*** Data for this task ***
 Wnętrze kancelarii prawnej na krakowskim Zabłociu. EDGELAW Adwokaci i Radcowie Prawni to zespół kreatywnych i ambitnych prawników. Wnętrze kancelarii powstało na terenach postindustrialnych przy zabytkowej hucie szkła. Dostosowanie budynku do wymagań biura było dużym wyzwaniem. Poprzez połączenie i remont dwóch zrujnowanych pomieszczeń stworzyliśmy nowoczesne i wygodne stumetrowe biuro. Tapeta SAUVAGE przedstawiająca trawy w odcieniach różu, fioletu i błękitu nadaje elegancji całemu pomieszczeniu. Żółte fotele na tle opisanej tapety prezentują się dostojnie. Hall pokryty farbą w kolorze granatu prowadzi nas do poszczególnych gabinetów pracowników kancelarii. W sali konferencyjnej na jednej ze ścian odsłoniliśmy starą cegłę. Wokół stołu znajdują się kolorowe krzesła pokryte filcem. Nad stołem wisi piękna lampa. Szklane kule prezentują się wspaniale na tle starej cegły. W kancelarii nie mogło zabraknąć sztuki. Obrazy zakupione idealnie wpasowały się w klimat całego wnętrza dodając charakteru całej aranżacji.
*** End of Data for this task ***
*** Data for this task ***
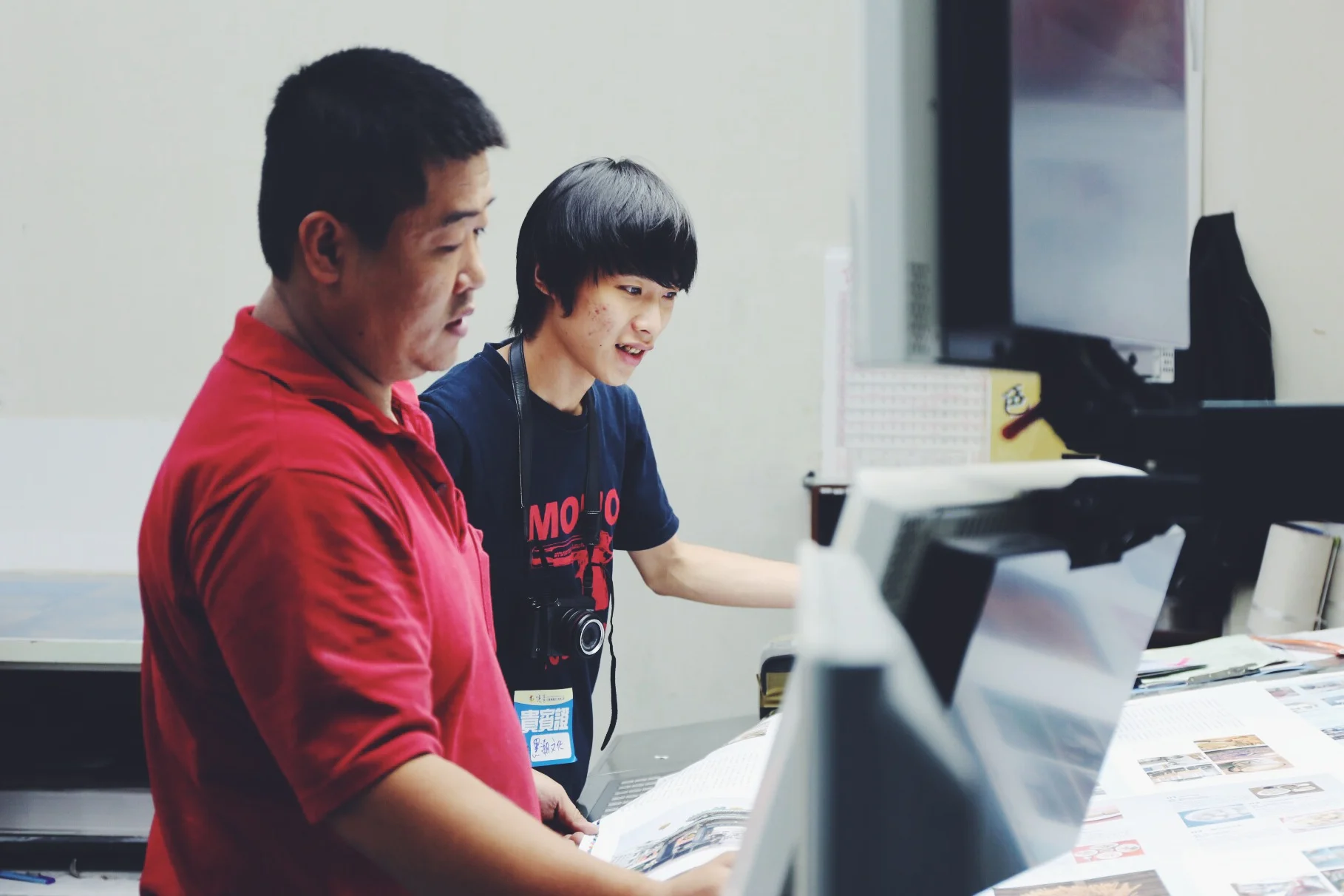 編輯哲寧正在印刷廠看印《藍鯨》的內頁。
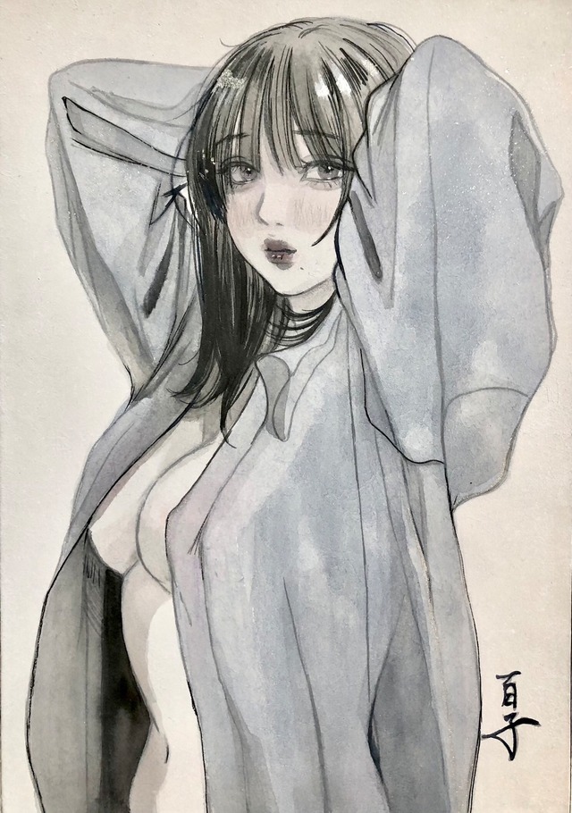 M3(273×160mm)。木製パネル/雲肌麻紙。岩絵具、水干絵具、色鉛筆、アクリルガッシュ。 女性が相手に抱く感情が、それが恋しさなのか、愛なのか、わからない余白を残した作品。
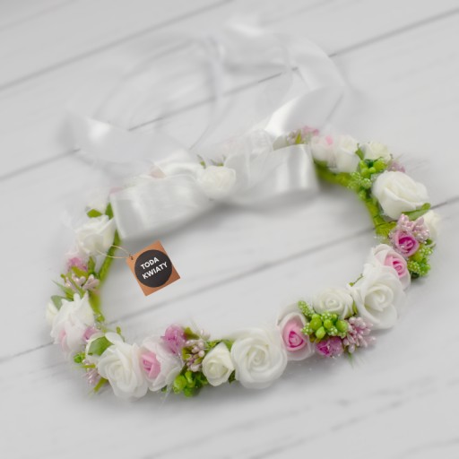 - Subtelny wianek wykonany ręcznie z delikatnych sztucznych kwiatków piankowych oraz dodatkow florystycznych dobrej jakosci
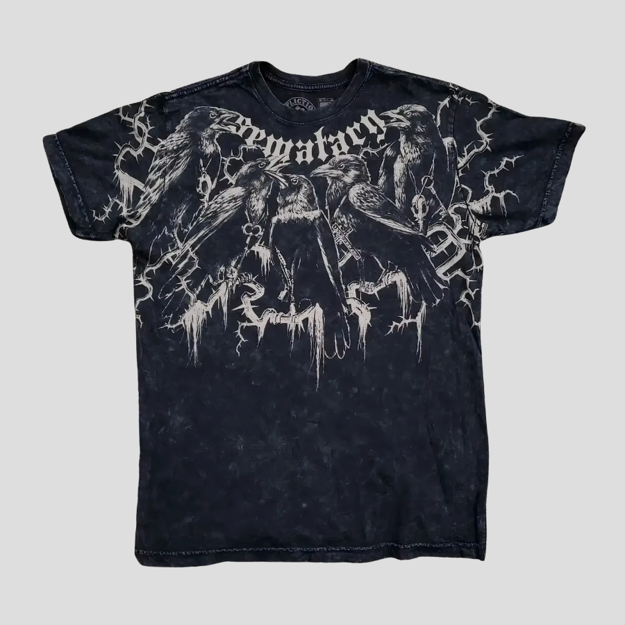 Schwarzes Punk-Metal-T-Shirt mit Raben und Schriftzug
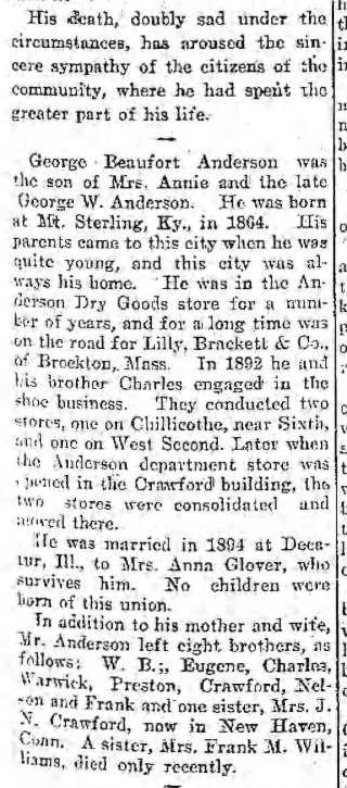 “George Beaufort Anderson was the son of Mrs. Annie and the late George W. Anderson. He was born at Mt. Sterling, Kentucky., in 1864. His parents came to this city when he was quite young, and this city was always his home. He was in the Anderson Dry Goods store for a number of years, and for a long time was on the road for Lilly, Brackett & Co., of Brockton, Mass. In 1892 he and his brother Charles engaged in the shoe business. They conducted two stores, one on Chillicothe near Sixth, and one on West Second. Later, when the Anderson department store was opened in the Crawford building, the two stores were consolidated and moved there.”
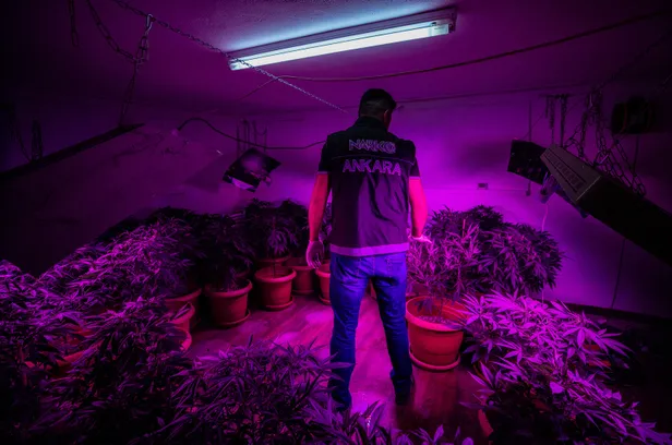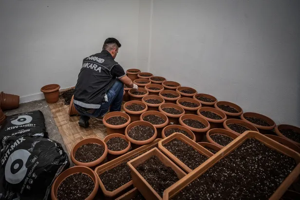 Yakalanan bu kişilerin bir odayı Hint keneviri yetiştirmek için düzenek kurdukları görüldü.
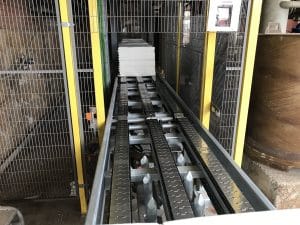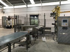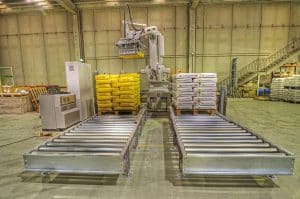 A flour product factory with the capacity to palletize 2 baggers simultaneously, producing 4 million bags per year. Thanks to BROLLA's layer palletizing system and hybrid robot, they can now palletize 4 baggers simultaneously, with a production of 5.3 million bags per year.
*** End of Data for this task ***
*** Data for this task ***
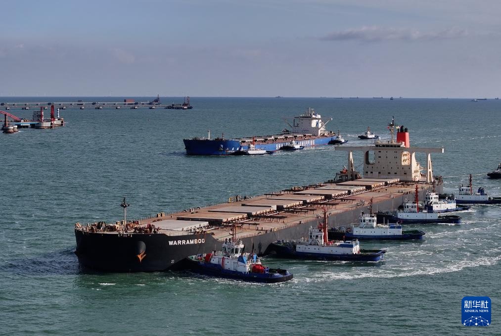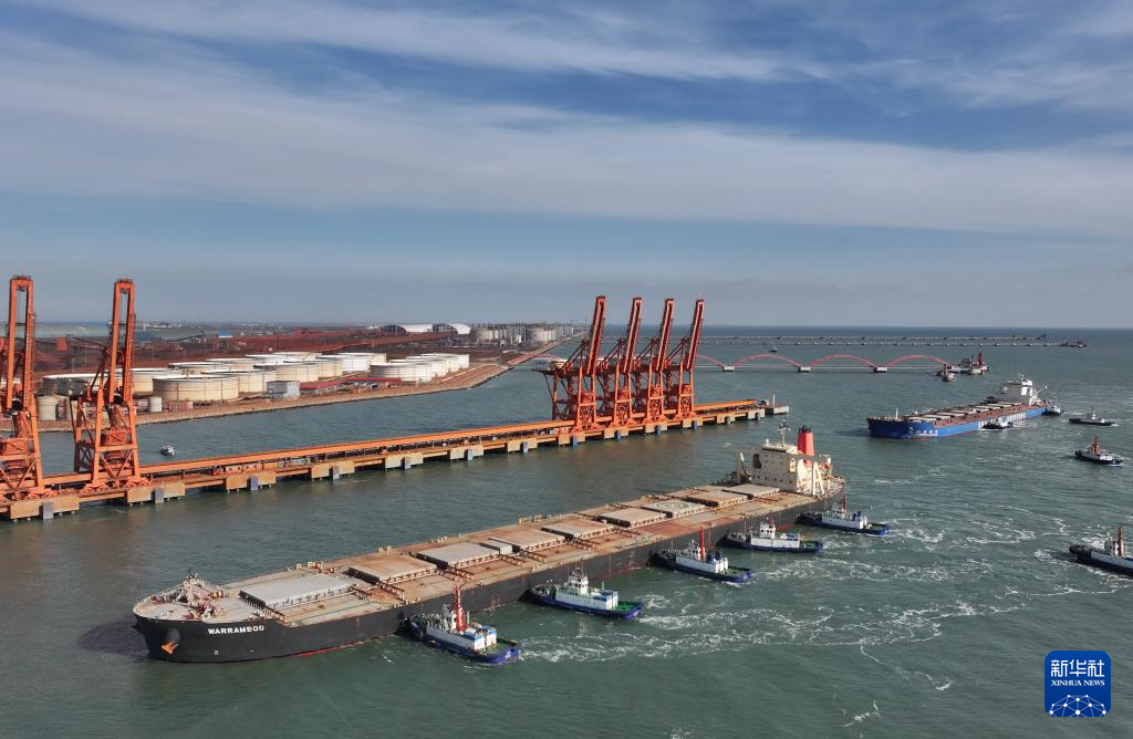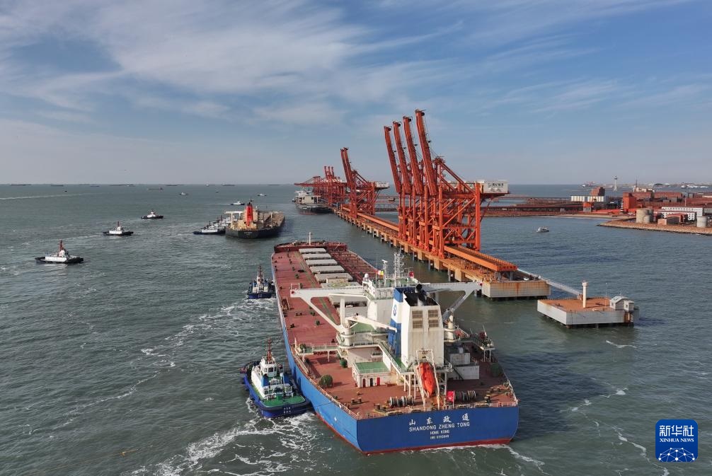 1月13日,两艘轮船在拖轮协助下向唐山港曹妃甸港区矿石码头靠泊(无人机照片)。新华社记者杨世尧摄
*** End of Data for this task ***
Problem to work on →
Nothing but the lines above, starting at the line that contains "Beaufort Anderson was" and ending at the line that contains "A flour product", should be given again, exactly and without the pictures.

Solution to the exercise →
 “George Beaufort Anderson was the son of Mrs. Annie and the late George W. Anderson. He was born at Mt. Sterling, Kentucky., in 1864. His parents came to this city when he was quite young, and this city was always his home. He was in the Anderson Dry Goods store for a number of years, and for a long time was on the road for Lilly, Brackett & Co., of Brockton, Mass. In 1892 he and his brother Charles engaged in the shoe business. They conducted two stores, one on Chillicothe near Sixth, and one on West Second. Later, when the Anderson department store was opened in the Crawford building, the two stores were consolidated and moved there.”
 Yakalanan bu kişilerin bir odayı Hint keneviri yetiştirmek için düzenek kurdukları görüldü.
 A flour product factory with the capacity to palletize 2 baggers simultaneously, producing 4 million bags per year. Thanks to BROLLA's layer palletizing system and hybrid robot, they can now palletize 4 baggers simultaneously, with a production of 5.3 million bags per year.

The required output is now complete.